Football in Brazil
- Season: 1944

= 1944 in Brazilian football =

The following article presents a summary of the 1944 football (soccer) season in Brazil, which was the 43rd season of competitive football in the country.

==Campeonato Paulista==

Final Standings

| Position | Team | Points | Played | Won | Drawn | Lost | For | Against | Difference |
|---|---|---|---|---|---|---|---|---|---|
| 1 | Palmeiras | 32 | 20 | 15 | 2 | 3 | 50 | 19 | 31 |
| 2 | São Paulo | 29 | 20 | 13 | 3 | 4 | 69 | 32 | 37 |
| 3 | Corinthians | 28 | 20 | 12 | 4 | 4 | 55 | 35 | 20 |
| 4 | Ypiranga-SP | 23 | 20 | 10 | 3 | 7 | 37 | 29 | 8 |
| 5 | São Paulo Railway | 21 | 20 | 9 | 3 | 8 | 41 | 48 | -7 |
| 6 | Santos | 20 | 20 | 8 | 4 | 8 | 39 | 41 | -2 |
| 7 | Juventus | 18 | 20 | 7 | 4 | 9 | 39 | 49 | -10 |
| 8 | Comercial-SP | 18 | 20 | 8 | 2 | 10 | 37 | 57 | -15 |
| 9 | Portuguesa | 12 | 20 | 3 | 6 | 11 | 29 | 47 | -18 |
| 10 | Jabaquara | 10 | 20 | 5 | 0 | 15 | 38 | 50 | -12 |
| 11 | Portuguesa Santista | 9 | 20 | 3 | 3 | 14 | 37 | 69 | -32 |

Palmeiras declared as the Campeonato Paulista champions.

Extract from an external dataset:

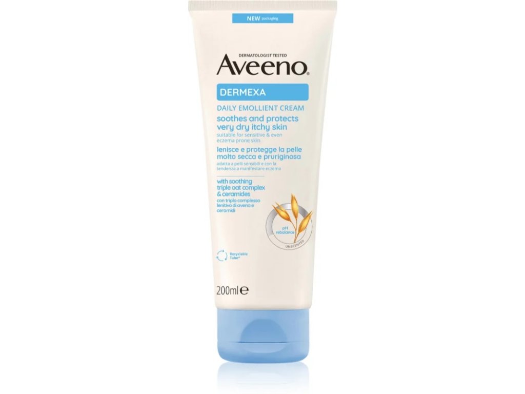 Na veľmi suchú, svrbiacu a citlivú pokožku: Aveeno® Dermexa Emolienčný telový krém upokojuje a chráni veľmi suchú, svrbiacu, citlivú pokožku a je vhodný aj na pokožku so sklonom k ekzému.
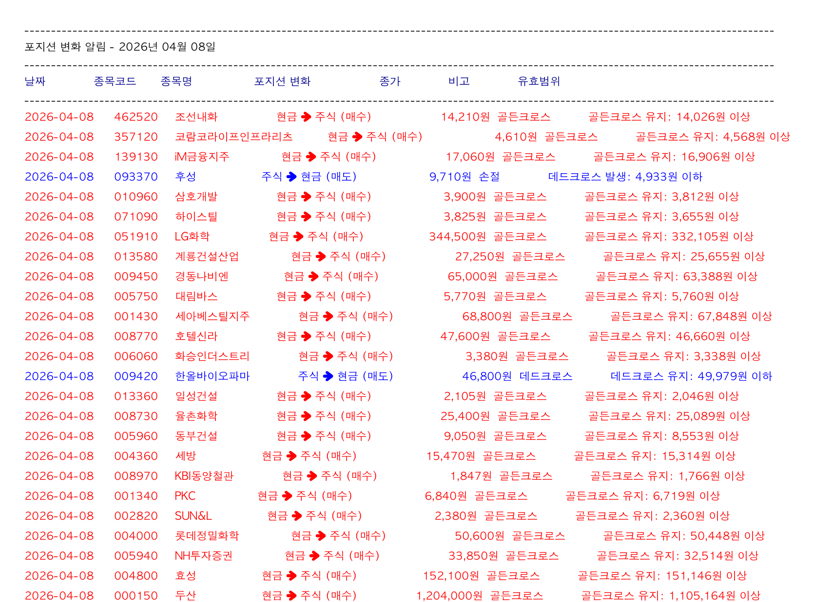 - 🔴 호텔신라 (008770): 현금 ➜ 주식 (매수) 47,600원 골든크로스 골든크로스 유지: @ 46,660원 (이상)

==State championship champions==

| State | Champion |  | State | Champion |
|---|---|---|---|---|
| Acre | - |  | Paraíba | Botafogo-PB |
| Alagoas | CSA |  | Paraná | Ferroviário-PR |
| Amapá | Macapá |  | Pernambuco | América-PE |
| Amazonas | Olímpico-AM |  | Piauí | Flamengo-PI |
| Bahia | Bahia |  | Rio de Janeiro | Petropolitano |
| Ceará | Maguari |  | Rio de Janeiro (DF) | Flamengo |
| Espírito Santo | Caixas-ES |  | Rio Grande do Norte | ABC |
| Goiás | Atlético Goianiense |  | Rio Grande do Sul | Internacional |
| Maranhão | Moto Club |  | Rondônia | - |
| Mato Grosso | Americano-MT |  | Santa Catarina | Avaí |
| Minas Gerais | Cruzeiro |  | São Paulo | Palmeiras |
| Pará | Paysandu |  | Sergipe | Vasco-SE |

==Other competition champions==

| Competition | Champion |
|---|---|
| Campeonato Brasileiro de Seleções Estaduais | Rio de Janeiro (DF) |

==Brazil national team==
The following table lists all the games played by the Brazil national football team in official competitions and friendly matches during 1944.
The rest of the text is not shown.